Defisc et subventions
L’Etat fait ses calculs pour compenser le dernier coup de rabot sur la défisc
Au lieu de 18 000 euros + 4% du revenu, la défiscalisation outre-mer est ramenée par le Conseil constitutionnel à 18 000 euros. L’Etat affirme qu’il compensera, mais sur quelle base ?
« Notre combat ne porte pas sur l’outil défiscalisation, ce qui importe c’est sa finalité : quel sera le montant global de l’investissement ? Là sera notre combat. » Le cabinet de Victorin Lurel doit anticiper la stratégie qu’il va devoir déployer face aux caisses fermées du ministère du Budget maintenant que le président Hollande a promis, après l’invalidation des plafonds de la defisc dans la loi de finances, de substituer la perte de l’investissement par des subventions. A combien s’élève réellement cet investissement défiscalisé ? Depuis des années, les lois prévoient des commissions d’évaluation pour estimer les sommes, mais les chiffres divergent selon qu’on la soutienne ou la combatte. Ainsi, opposant historique de la défiscalisation, Gilles Carrez, président UMP de la commission des finances s’étranglait le 14 novembre dernier, lors de l’adoption des articles de loi en question : « Un milliard d’euros avec l’investissement locatif social ! » « Seulement 850 millions d’euros prévus pour 2013 », l’a repris le PS Christian Eckert, rapporteur général.

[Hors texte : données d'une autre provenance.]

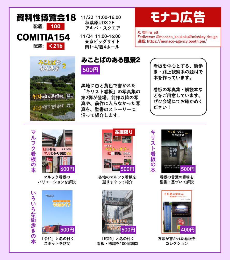 10月発行の『みことばのある風景2』をはじめ、キリスト看板やマルフク看板など様々な看板をテーマにした本をご用意しています。

Citant Gilles Carrez et Pierre Méhaignerie, Charles de Courson (UDI) a rappelé ces chiffres : « Grosso modo, l’impôt sur le revenu rapporterait 100 milliards d’euros s’il n’existait aucune niche fiscale et il n’en rapporte que 55 milliards d’euros. »

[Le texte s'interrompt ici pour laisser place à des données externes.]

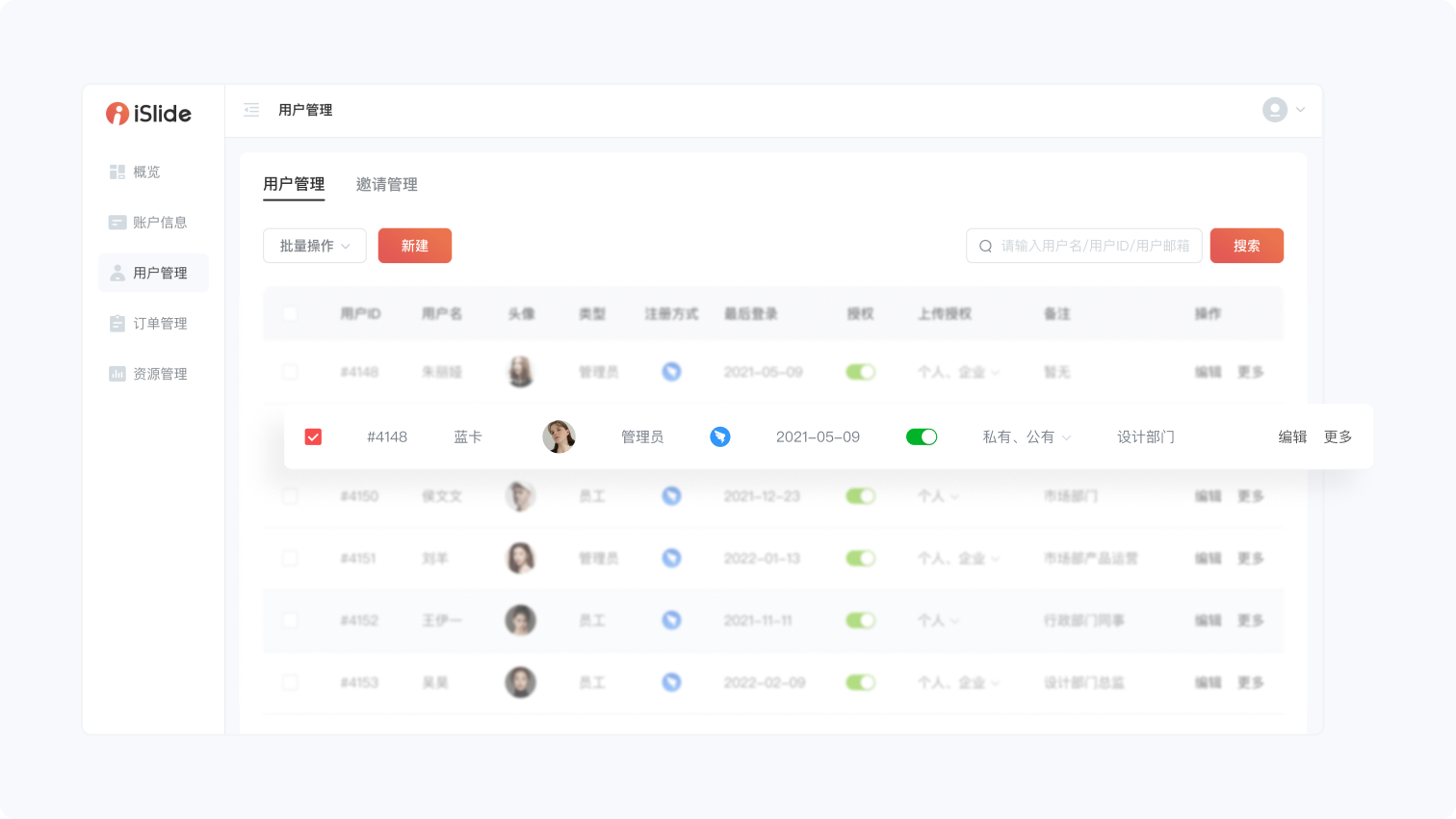 在企业管理后台,每一份的PPT下载的权限受到严格监控,企业机要信息安全得到最大的保障。关于PPT的信息安全也是iSlide目前颇为金融行业青睐的原因之一。

Serge Letchimy a déclaré que « lorsque le dispositif fiscal a atteint sa plénitude, il portait sur environ 3 milliards d’euros d’investissements alors que ce dispositif porte sur 700 millions d’euros, lesquels financent principalement des investissements productifs.
Jean-Philippe Nilor (GDR) et Charles de Courson ont cité 675 millions d’euros, pour le bâtiment et le logement social. Selon le rapport des sénateurs Patient (PS) et Dolige (UMP) de la commission des finances du Sénat, le montant récolté pour le seul logement social a été estimé à 150 millions d’euros à cette fin en 2012. 200 millions, selon Gilles Carrez contre 80 millions il y a deux ans.
400 ou 800 000 euros
Le ministre du Budget Jérôme Cahuzac a donné lors de cette meme seance, le chiffre de Bercy : « Le montant de la défiscalisation représente en moyenne un peu plus de 400 000 euros par an pour les cent plus gros contribuables de notre pays, qui diminuent ainsi considérablement leur impôt sur le revenu. » 472 000 en 2011, selon Gilles Carrez.

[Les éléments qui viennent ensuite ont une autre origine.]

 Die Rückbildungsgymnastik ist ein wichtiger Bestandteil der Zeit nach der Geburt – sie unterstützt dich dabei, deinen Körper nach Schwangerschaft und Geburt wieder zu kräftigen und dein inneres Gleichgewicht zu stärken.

Le ministre des Outre-mer indiquait, lors de la présentation de son budget en octobre, 425 millions défiscalisés en 2012 au titre du seul investissement industriel Girardin dont 330 pour la seule usine de nickel dans la Province Nord de Nouvelle-Calédonie.
En 2013, selon Christian Eckert, il était prévu 800 millions. Cette somme, en principe, sera donc amputée des 4 % du revenu en sus de 18 000 euros du plafond. Les antidéfiscs qui exagéraient la somme pour combattre le dispositif devraient désormais la minorer vu qu’il va falloir compenser…
« On ne sortira pas du dispositif sur le dos de l’Outre-mer », confiait récemment un proche du ministre. Par ailleurs ce panachage de defisc et de subvention qui anticipe l’avenir (réforme de la défisc pour 2014), pose un autre problème, plus politique : la défiscalisation avait l’avantage de refléter la dynamique propre des territoires en faisant émerger des projets. Là, le monde de l’entreprise va se retrouver face aux pouvoirs publics dont il pourra tester le volontarisme politique. Et puis, ce n’est plus la même chose quand les crédits budgétaires sont actionnés par le politique. Ça peut être perçu comme le fait du prince.